Apart from the pictures, please restate every entry below exactly.

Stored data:

::::

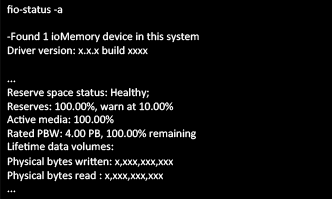 fio-status -aコマンドの出力の"Rated PBW: x.xxPB, xx.xx% remaining" で最大書き換え容量(xx.xxPB)
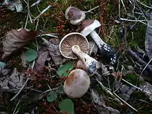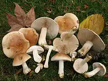 This is a list of species in the agaric genus Hebeloma. A 2008 estimate placed about 150 in the genus.[1] As of January 2016, Index Fungorum accepts 321 species in Hebeloma:[2]. A major revision of the European species was undertaken in Hebeloma in the Fungi Europaei series,[3] published in March 2016. It concluded that there were 84 species of Hebeloma in Europe. As of November 2022, hebeloma.org [4] lists over 500 names used throughout history, of which 135 are said to be current, valid (non-synonymous) names.
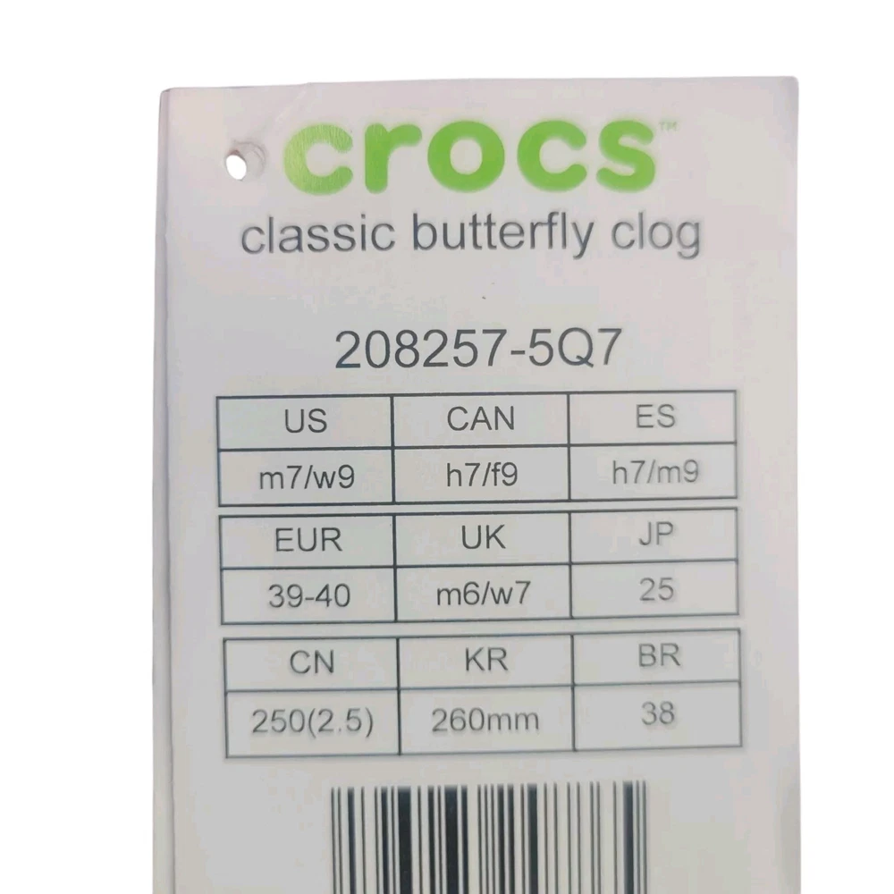 Crocs Classic Butterfly Clog Womens 9 Mens 7 Moon Jelly / Multi Color The Crocs Classic Butterfly Clog in Women's size 9 and Men's size 7 is a slip-on style shoe in the Moon Jelly/Multi color. Made with Croslite material, these clogs feature a classic design with a butterfly pattern, offering both comfort and style. Perfect for casual wear, these Crocs are a versatile choice for women looking for a fun and colorful addition to their shoe collection.
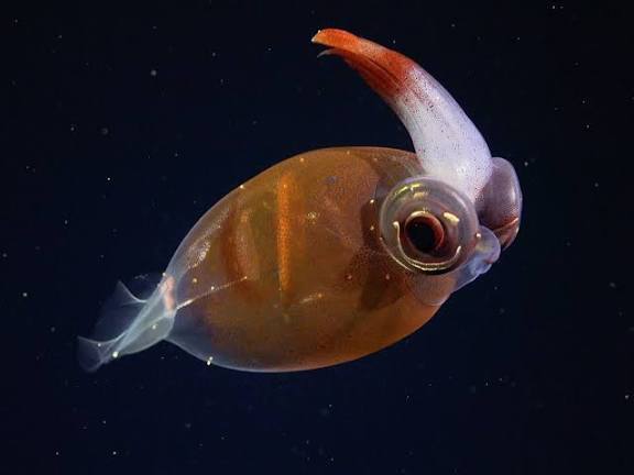 The organism displays traits typical of extreme deep ocean life, including partial transparency, reduced visual structures, and a slow, energy efficient mode of movement.These adaptations allow it to survive in environments characterized by high pressure, low temperatures, and minimal food availability.
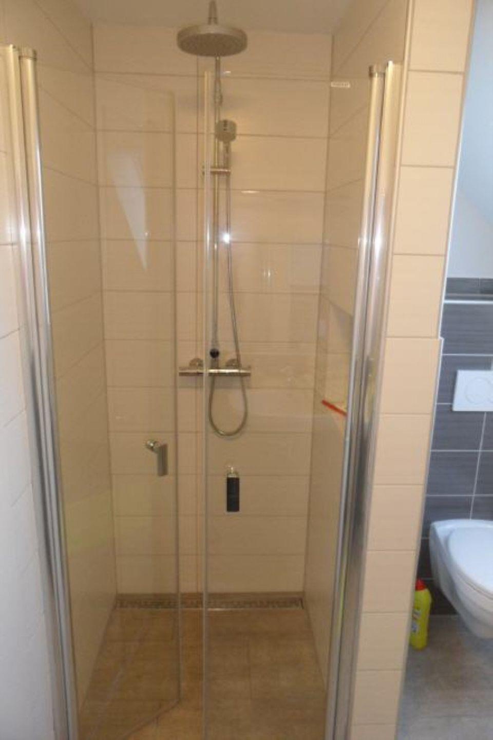 Duschbad mit ebenerdiger Dusche (Regendusche und Handbrause), Handtuchtrockner

::::

— Worked solution —
 fio-status -aコマンドの出力の"Rated PBW: x.xxPB, xx.xx% remaining" で最大書き換え容量(xx.xxPB)
 This is a list of species in the agaric genus Hebeloma. A 2008 estimate placed about 150 in the genus.[1] As of January 2016, Index Fungorum accepts 321 species in Hebeloma:[2]. A major revision of the European species was undertaken in Hebeloma in the Fungi Europaei series,[3] published in March 2016. It concluded that there were 84 species of Hebeloma in Europe. As of November 2022, hebeloma.org [4] lists over 500 names used throughout history, of which 135 are said to be current, valid (non-synonymous) names.
 Crocs Classic Butterfly Clog Womens 9 Mens 7 Moon Jelly / Multi Color The Crocs Classic Butterfly Clog in Women's size 9 and Men's size 7 is a slip-on style shoe in the Moon Jelly/Multi color. Made with Croslite material, these clogs feature a classic design with a butterfly pattern, offering both comfort and style. Perfect for casual wear, these Crocs are a versatile choice for women looking for a fun and colorful addition to their shoe collection.
 The organism displays traits typical of extreme deep ocean life, including partial transparency, reduced visual structures, and a slow, energy efficient mode of movement.These adaptations allow it to survive in environments characterized by high pressure, low temperatures, and minimal food availability.
 Duschbad mit ebenerdiger Dusche (Regendusche und Handbrause), Handtuchtrockner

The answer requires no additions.